🤖 AI Summary
Existing monocular, stereo, and RGB-D SLAM methods struggle to simultaneously achieve high-fidelity novel-view synthesis and photorealistic 3D reconstruction—particularly in monocular settings, where geometric ambiguity severely limits performance. To address this, we propose a multimodal-input-aware, high-fidelity SLAM framework. Our key contributions are: (1) an appearance-motion joint embedding mechanism that enforces cross-view consistency in scene representation; and (2) a frequency-regularized pyramid that hierarchically constrains both geometry and appearance details of 3D Gaussian Splatting (3DGS). Leveraging motion-consistency priors, multi-scale frequency-domain regularization, and end-to-end joint optimization, our method achieves state-of-the-art results on benchmarks including TUM RGB-D: +16.76 dB PSNR improvement in monocular scenes, while enabling real-time, robust, sensor-agnostic photorealistic reconstruction and mapping.
📝 Abstract
3D Gaussian Splatting (3DGS) has recently revolutionized novel view synthesis in the Simultaneous Localization and Mapping (SLAM). However, existing SLAM methods utilizing 3DGS have failed to provide high-quality novel view rendering for monocular, stereo, and RGB-D cameras simultaneously. Notably, some methods perform well for RGB-D cameras but suffer significant degradation in rendering quality for monocular cameras. In this paper, we present Scaffold-SLAM, which delivers simultaneous localization and high-quality photorealistic mapping across monocular, stereo, and RGB-D cameras.
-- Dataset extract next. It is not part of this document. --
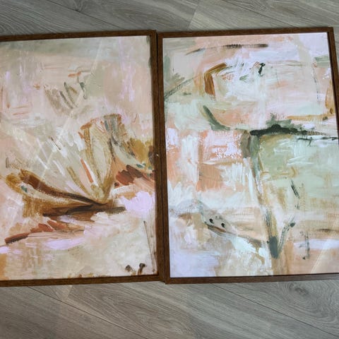 To pene bilder i sølvfarget ramme. Ingen skader. 33cm x33cm.
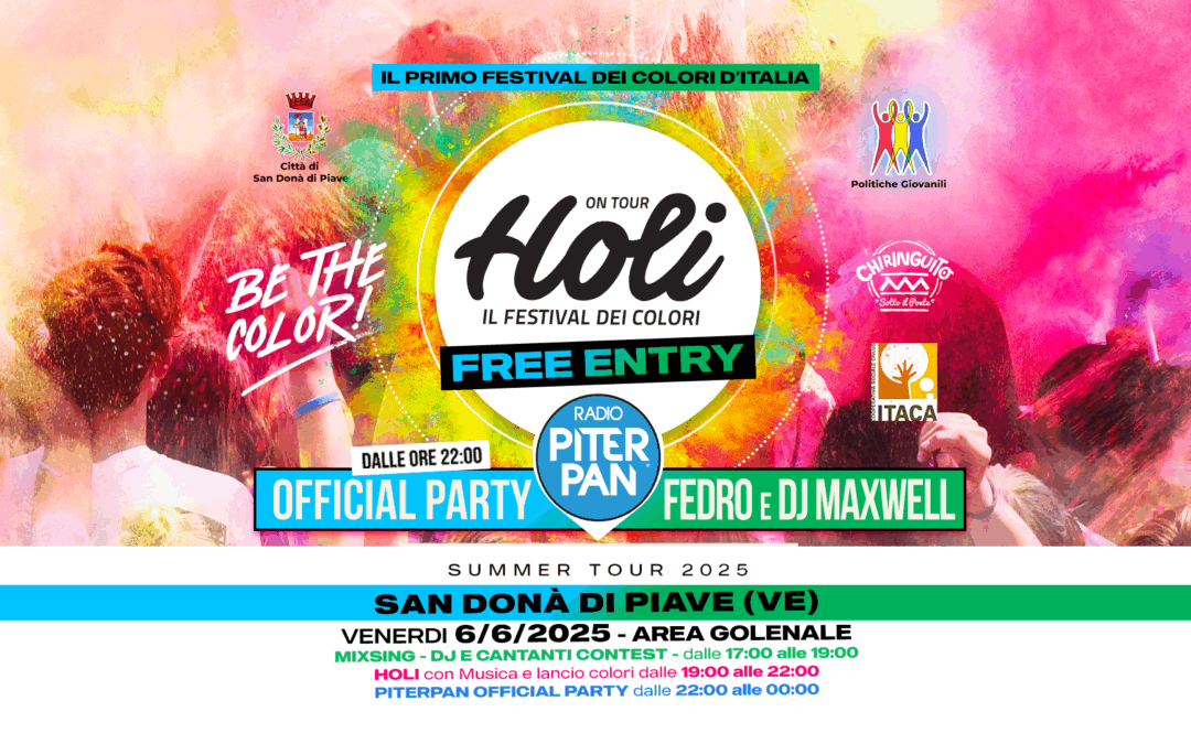 HOLI a San Donà di Piave (VE)Città di San Donà di Piave – Politiche Giovanili, Cooperativa Itaca con la collaborazione di Chiringuito Sotto il Ponte presentano: COLOR JAM – dove il colore incontra il suono HOLI, IL FESTIVAL DEI COLORI + PITERPAN OFFICIAL...

We introduce two key innovations to achieve this state-of-the-art visual quality. First, we propose Appearance-from-Motion embedding, enabling 3D Gaussians to better model image appearance variations across different camera poses. Second, we introduce a frequency regularization pyramid to guide the distribution of Gaussians, allowing the model to effectively capture finer details in the scene. Extensive experiments on monocular, stereo, and RGB-D datasets demonstrate that Scaffold-SLAM significantly outperforms state-of-the-art methods in photorealistic mapping quality, e.g., PSNR is 16.76% higher in the TUM RGB-D datasets for monocular cameras.